We should mean almost, digitally. With serious considerations to best practices, widely acceptable principles including that of, directly and indirectly related, applicable laws and, if any, for the sake of thoughtful and sensible transparency. Almost everything, in this case is about, as nations and industries are already taking it as an initiative to protect entities such as people, enterprises, assets, properties including but not limited to information, which is the sole subject of information security specialists but it's reality is more complicated than arguing on which security can cover which area. Technology practitioners should appreciate it. Those who goes beyond a few specializations could realized it and make an effective position paramount to a cybersecurity responsibility. And the size of that responsibility may mean breaking and delegating it with various roles, with those who are effective and prudent in their jobs.

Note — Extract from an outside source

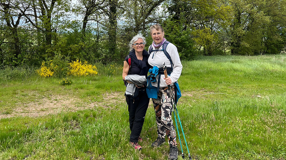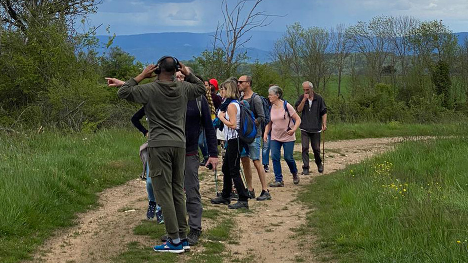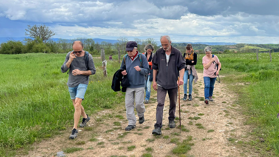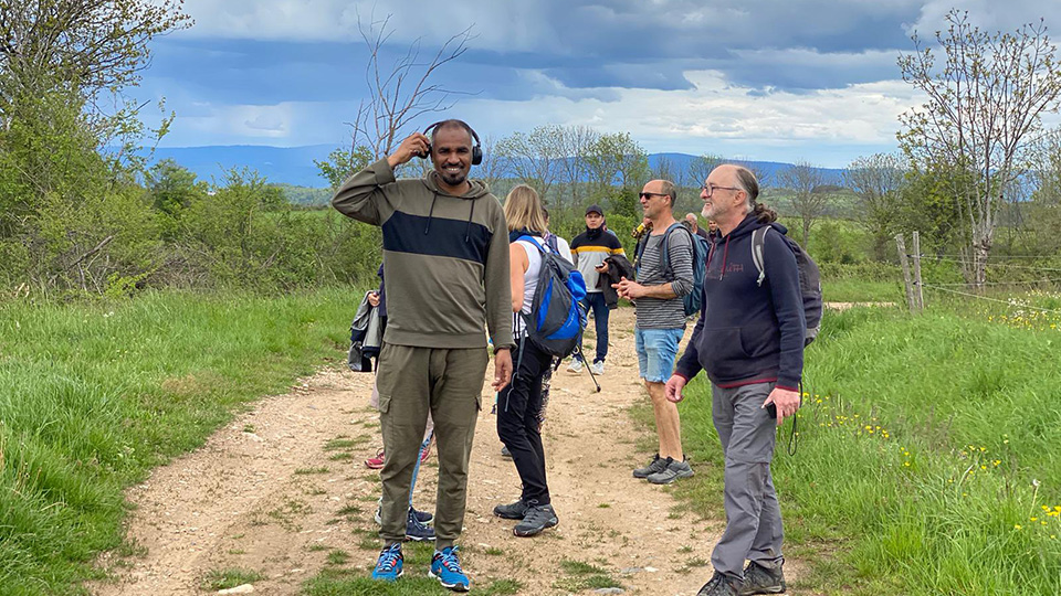 Comme le rendez-vous de départ avait été donné au stade de St-Just (le Sabatoux), nous avons, dès 13h30, pour ceux qui disposaient de places, covoituré les résidents à partir du Cada. À 14h, au départ, en fin de compte, nous étions une petite vingtaine, moitié résidents, moitié habitants/bénévoles.

Many businesses and high value activities definitely requires IT. The senior management people must be able to articulate it and technology practitioners must have the facility, not just mere ability, to make that need happen. IT have evolved and specific areas have all become important for a sound enterprise system. Not one area can be sacrificed to make the other seem better or valuable anymore.
That makes IT remote for small and underfunded companies. But IT need not be that expensive as inexperience ones and first adapters so indicates. The budget and size alone is deceiving. IT is not always going to cut into an effective and efficient initiatives even for allocation of big budget backed by their own companies (senior management). Check and compare small and big companies’ effort and discover what’s taking the small company with a better IT than the big company or the competitor doing good and the other is not. IT alone cannot be blamed here no matter how proficient the company’s technology people are. It’s not that IT must be administered the same the way other efforts or initiatives are done. There is good reason why generals are so effective at running the affairs of their organizations with their officers and men assigned both in the office and in the field or warfare and with their IT-related efforts, if any, can help them execute their plan of actions faster and at point-blank. IT is not a panacea but many organizations may discover it can be used to assist in their objectives and even accelerate things further. Organizations like the military and other commercial entities realized that with IT they become nimble in their decisions and executions of objectives. However, the current experience is gloomy and makes people cynic on the prospects of IT. Only big ones seem to benefit from it because they have deep pocketed budgets. We can forward further with a progressive one.
IT can facilitate enterprise goals at the outset. Business and IT lead roles must do more for IT to be useful and functional for the business as well as the workplace. IT must provide convenience to people, too.
Imagine just one of the few mechanisms we've been using to deal with a task, a notable 8Ps, published here before, for initiating, developing and making programs and services happen. Check the following (an additional realization from our first account of 8Ps):
-Purpose (start, master plan),
-People (strategy, requiring correct specifications, humans make everything and miss a lot!),
-Product (technologies however and whatsoever they are must not influence the major portion of the decision),
-Policy (rules, regulations and laws),
-Process (actions guided by the purpose),
-Procurement (acquisitions, reinforced by our AIM business lifecycle, Where do you put software development efforts? Pick one of the following facets: acquisition, implementation or management?),
-Period (time, Would you be able to calculate when may the complete delivery happen from the beginning? See purpose.),
-Produced (finished or set goal achieved).